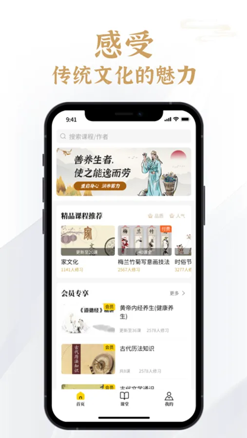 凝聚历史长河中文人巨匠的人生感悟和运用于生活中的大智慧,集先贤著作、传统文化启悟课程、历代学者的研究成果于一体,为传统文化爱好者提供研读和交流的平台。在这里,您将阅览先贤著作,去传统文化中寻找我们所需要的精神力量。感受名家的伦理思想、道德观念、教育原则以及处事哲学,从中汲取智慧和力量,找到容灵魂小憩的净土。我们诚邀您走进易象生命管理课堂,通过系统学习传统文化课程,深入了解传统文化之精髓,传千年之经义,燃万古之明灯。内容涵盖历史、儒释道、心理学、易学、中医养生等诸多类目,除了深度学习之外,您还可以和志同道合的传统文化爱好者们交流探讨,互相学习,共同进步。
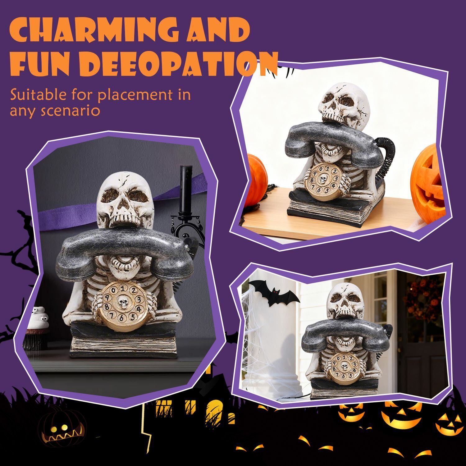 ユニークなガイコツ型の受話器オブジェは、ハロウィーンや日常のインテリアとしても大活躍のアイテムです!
────────────────────
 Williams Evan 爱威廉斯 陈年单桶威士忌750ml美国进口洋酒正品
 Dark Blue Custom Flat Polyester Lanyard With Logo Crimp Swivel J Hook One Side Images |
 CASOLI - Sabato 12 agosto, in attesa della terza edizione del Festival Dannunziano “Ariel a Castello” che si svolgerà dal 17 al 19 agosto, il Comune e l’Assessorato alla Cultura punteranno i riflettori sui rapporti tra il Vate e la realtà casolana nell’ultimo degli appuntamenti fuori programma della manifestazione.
────────────────────
* **ASSIGNMENT**:
Leaving pictures out, output the lines of the data above from the one with "凝聚历史长河中文人巨匠的人生" through the one with "ユニークなガイコツ型の受話器", word for word.

* **EXERCISE SOLUTION**:
 凝聚历史长河中文人巨匠的人生感悟和运用于生活中的大智慧,集先贤著作、传统文化启悟课程、历代学者的研究成果于一体,为传统文化爱好者提供研读和交流的平台。在这里,您将阅览先贤著作,去传统文化中寻找我们所需要的精神力量。感受名家的伦理思想、道德观念、教育原则以及处事哲学,从中汲取智慧和力量,找到容灵魂小憩的净土。我们诚邀您走进易象生命管理课堂,通过系统学习传统文化课程,深入了解传统文化之精髓,传千年之经义,燃万古之明灯。内容涵盖历史、儒释道、心理学、易学、中医养生等诸多类目,除了深度学习之外,您还可以和志同道合的传统文化爱好者们交流探讨,互相学习,共同进步。
 ユニークなガイコツ型の受話器オブジェは、ハロウィーンや日常のインテリアとしても大活躍のアイテムです!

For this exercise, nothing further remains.